Rest 30-60s after that, try 3-5 total rounds

Day 4: Leg Drops and Planks with Pikes

30s of each should do the trick!

Rest 30s after both, not between, up to 5 rounds

Day 5: Plank (ATW) and Deadbugs (alt)

Around the world plank (lift one limb alternating in a rotating fashion) and then alternating deadbugs

30s of both should do the trick, 3-4 times (not a lot of burn, just a challenge!)

Day 6: Lower Ab Raises Plus Side plank with a hip drop

Nice combination for lower and side core work, but don’t cheat the motion and stay true to the exercise to feel the muscles doing the work

Day 7: Bent knee crunch and Walkouts

For both, keep tempo as the main priority, as rushing each rep won’t target the abs and will leave you feeling as if these exercises are not effective.  Keep momentum out, and dial in that mind-muscle connection to really feel your abs do the work.

Day 8: Ab wheel (made harder)

If you are one of those people who feel their arms or shoulders more than Abs when doing their ab wheel, try this:

[Insert plank holds at the end of each rep ]

Version 1: at the end range of the ab wheel, hold 1-2s (without losing form) and then return back.

Version 2: Add 1s of a hold per rep, starting at 1s for rep 1, 2s for rep 2, so that at reps 8, 9 and 10 you’re holding the plank position for 8, 9 and 10s

Day 9: Rocky’s (Bodyweight, Dumbbell or Barbell)

Named after the movie, when Rocky raises his arms above his head, this exercise is awesome.  Here’s a few tips to keep it locked in on your abs: tempo on the up: quick, and tempo down, 4-6s per rep.  Start with a broomstick or PVC pipe even, and then move to a dumbbell or barbell.  6-8 reps is more than enough, as most will start to experience lower back fatigue (abs also are tired 😴).
This is not a sit-up! Use your legs to kick yourself up to 90 degrees with your legs and torso.

Day 10: Reverse Ab Wheel

This exercise surprised me with the difficulty, so if you’re just starting out, you can begin by starting with your hands on the ground, ending up with a push-up position (and no ab wheel)
Reps: 4-6, and keep tempo slow and controlled on the descent and ascent

Day 11: Alternating Single Leg Drops

While laying on your back and supporting your neck, brace your ribcage down and aim to keep your scapula off the ground, keep both legs straight to the ceiling, then alternate which leg you’ll drop (keep it straight) to the ground

Day 12: 6 Exercise Core Circuit

Try this 6 exercise circuit (cross body hand -> toe, pikes, plank with knee-> elbow and lat pulldown, 1 arm rocky situp, lower ab raises, miniband bicycles), one of two ways: 1) in circuit fashion, rotating thru each exercise one after the next, resting minimally between each exercise but 60-90s after each round

2) Straight sets, performing 3-4 sets of the same exercise, with 30-45s rest between each set, and then moving on to the next exercise (ideal for commercial gyms)

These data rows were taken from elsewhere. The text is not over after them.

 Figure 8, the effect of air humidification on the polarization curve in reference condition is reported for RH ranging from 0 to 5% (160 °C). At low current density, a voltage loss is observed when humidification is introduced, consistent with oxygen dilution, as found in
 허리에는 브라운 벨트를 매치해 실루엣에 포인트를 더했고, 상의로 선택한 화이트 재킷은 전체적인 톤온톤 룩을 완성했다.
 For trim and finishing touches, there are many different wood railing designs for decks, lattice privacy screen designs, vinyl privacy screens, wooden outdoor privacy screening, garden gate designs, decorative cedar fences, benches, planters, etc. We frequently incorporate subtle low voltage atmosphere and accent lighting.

Day 13: Foam Roller Reverse Crunch

Reverse crunches are great, but too often people use way too much momentum and do not engage the Abs as much as they could, so in this version we are going lock down your heels to your hips, which allows you to focus directly on the core

Day 14: Swiss Ball – Extensions and Stir the Pot

Anyways, keeping your hips and abs engaged, taut and locked (no arch!), try these very different core exercises.  Extensions are where you push your arms forward while holding the plank, and then stir the pot is the circular (small or large) motion of the arms while holding the plank.  Modifications can be made to make harder or easier by simply holding the plank, and for the Stir the Pot, making the circles smaller.

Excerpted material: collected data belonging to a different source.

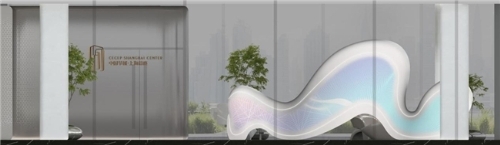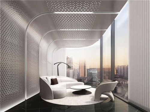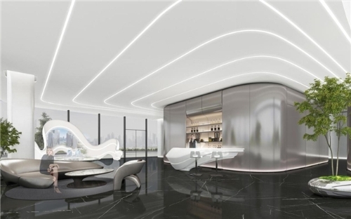 项目团队用智慧与艺术灵感打造“流动空间”,与扎哈一贯在建筑设计上大胆使用线条,异形打造前卫艺术建筑理念相契合。一楼的公共展示区,通过空间、光影、线条等多维度描绘办公空间的艺术氛围,深色石材地面,营造庄严大气的环境氛围,墙面装饰采用极具“呼吸感”的穿孔金属饰面,顶部线性灯带引导空间流动,门厅展示区的圆形电子沙盘造型如丝带般,宛若流水,如风中飘逸的艺术雕塑,其内部结合曲面展示屏,利用声光数字创意,以多媒体动态形式流动演绎,展示企业文化和项目品质,打造引人入胜的艺术空间。二楼的艺术画廊和VIP洽谈室延续了整体设计手法,削弱空间内外角,通过大面积落地窗将杨浦滨江自然景观引入室内,呼吸之间纵览开阔美景。
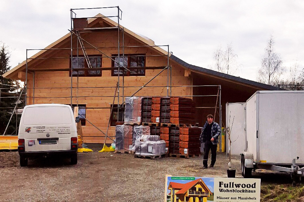 Die Baufamilie, Eltern mit Töchtern im Teenageralter, ist mit dem Baufortschritt sehr zufrieden und freut sich auf den baldigen Einzug in ihr Familien Blockhaus. Um die Pkws trocken unterzubringen, lässt die Bauherrschaft gleich einen stabilen Doppelcarport an ihr Blockhaus anbauen. Somit ist immer ein Zugang trockenen Fußes vom Auto ins Blockhaus, und umgekehrt, garantiert.
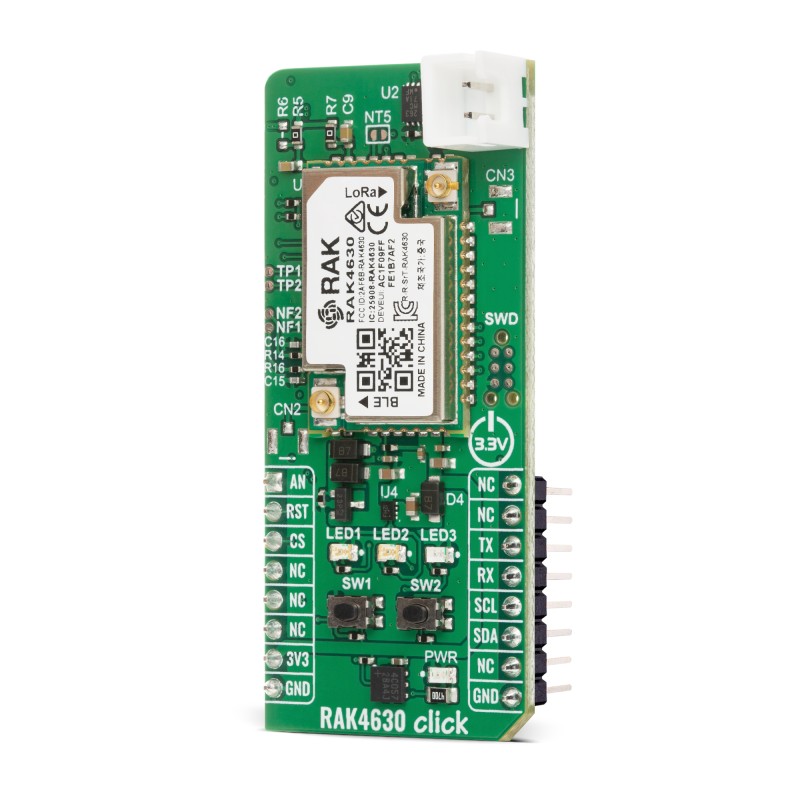 Along with the communication and control pins, this Click board™ also includes a reset pin (RST) enabling easy module resetting, AN pin connected to the analog input pin of the RAK4630 module, and SWD pads designed for use with MIKROE's 6-pin Needle Cable, providing an optional flash and debug SWD (Serial Wire Debug) interface functionality. Additionally, the board features two user-configurable buttons (SW1 and SW2) and two user-configurable LED indicators (a red LED1 and yellow LED2) for customizable user interaction and status indication.

Day 15: Hanging Leg Raises

One of the most popular exercises in magazines of old is the hanging leg raises, but a few keys 🔑 to differentiate this from the pictorial demonstrations from eons before:
– little sway (minimize) – shoulders away from ears –  slowly lower legs –  breathe out to raise legs – and if you have tight hamstrings –  Only raise knees (at 90 degrees)  – what if you cannot do without swaying? Learn to hold at 90 (knees bent first, then eventually reps of knees bent, then work up to leg raises

Day 16: Dragon Flags

One of the most difficult exercises to perform (correctly), here’s some tips: squeeze your glutes to keep lowering yourself as a plank / and a straight line between your shoulders and heels is massively important, and the lowering pace should be 2-5s per rep, raising pace should be 1-3s

Day 17: Band Resisted Reverse Crunch and Band Resisted Plank

As described.

Day 18: Turkish Get Up

Aka the TGU or Turkish Get up, it’s a detailed, complex exercise that is not for beginners (the half get up or top half get up are both good starts!)

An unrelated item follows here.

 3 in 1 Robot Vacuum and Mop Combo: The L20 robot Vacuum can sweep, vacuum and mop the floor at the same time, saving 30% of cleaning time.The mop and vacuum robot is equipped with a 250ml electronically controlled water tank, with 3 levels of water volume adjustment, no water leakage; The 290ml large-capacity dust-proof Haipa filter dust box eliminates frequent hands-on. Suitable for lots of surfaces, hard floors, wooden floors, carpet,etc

Here’s the many steps of the exercise, as simple as possible:
1) Brace elbow to ribcage and grab bell in one hand while stabilizing in the other 2) Once on your back, press bell to ceiling and splay legs and arms in slightly open stances (see video) 3) Push up to opposite elbow, keeping bell above shoulder (eyes on the 🔔!)  4) Extend elbow  5) Extend hips on both sides so that only down hand and same side foot are in contact with ground (not including straightened leg)  6) Swing the opposite leg underneath to an almost half kneeling split squat (while hand remains on ground)  7) Sink into hips to brace against bell, and then ‘windmill’ up into tall Split squat position  8) Push thru both legs to stand up, all the while keeping the 🔔 above the shoulder (and 👀 on it!)  9) Return to the ground reversing the steps above

New to the exercise? Start with no weight.
Pain in any spot? Get help with someone who knows why that might be (or get looked at by a PT or Doc)
1-5 reps per side, no more (I did 6 sets of 1).

Day 19: Slow Slideboard Mountain Climber

Can do these on a kitchen / tile floor!

Day 20: Half TGU

Usually this exercise is a stepping stone in training the full Turkish get up, but actually, I have found it useful for bracing, engaging and targeting lower abs.  Breathing out with each of these two steps enhances that engagement, try 3-5 reps per side, with a medium amount of weight (not max effort).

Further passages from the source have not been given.